屈強な男たちがぶつかり合うドイツ2部リーグにおいて、彼はいかにしてゴールを奪う術(すべ)を身につけたのか。
連載第8回目中編では、ドイツ2部カールスルーエSCに所属する福田師王の肉体改造と、スパイクに隠された秘密、そして指揮官からの厳しい要求に応えた成長のプロセスをひも解く!
■ドイツ 2部を生き抜くための「肉体改造」
ボルシアMG時代と今で、トレーニングに何か違いがあるとすれば、ジムで以前よりも徹底的に自分を「追い込む」ようになったことですね。
もちろんメングラ(ボルシアMG)のときも、(板倉)滉クンと一緒に楽しく、ハードにトレーニングはしていました。でも、カールスルーエが戦うドイツ2部は、戦術以上に「フィジカルサッカー」の世界なんです。ピッチコンディションが悪いことも1部よりはるかに多いですし、ペナルティエリアの中での「踏ん張りが効くかどうか」が何よりも重要になります。
だから、今はほぼ毎日ジムに通って、下半身と体幹を徹底的に鍛え上げるようになりました。ピッチで相手を背負って踏ん張る力と、そこからの「一歩目の動き出し」の速さを極限まで高めるためです。

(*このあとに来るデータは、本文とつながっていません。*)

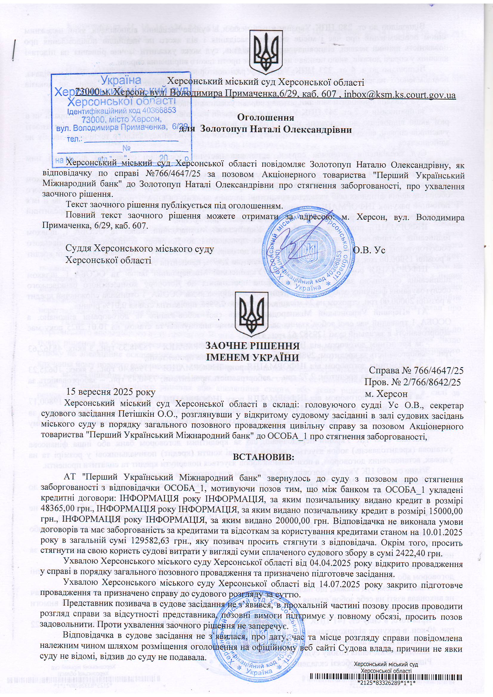 Оголошення для Золотопуп Наталі Олександрівни про ухвалення заочного рішення

「クリスティアン・アイヒナー監督には、ストライカーとしてのエゴや、強い気持ちを前面に出してプレーすることを強く求められていたんです」撮影/渡辺航滋(Sony αⅡ使用)
■ スパイク変更がもたらした「劇的な変化」
それに合わせて、実はスパイクも変えました。以前はポイント(スタッド)を取り替えるタイプを履いていたんですが、今はより軽量な固定式のスパイクを履いています。
これによって、芝を噛んで踏ん張る感覚や、最初の一歩のキレが劇的に変わった感覚があります。4点目、5点目の右足のゴールなんかは、まさにその一歩目の速さと踏ん張りが生きた結果だと思います。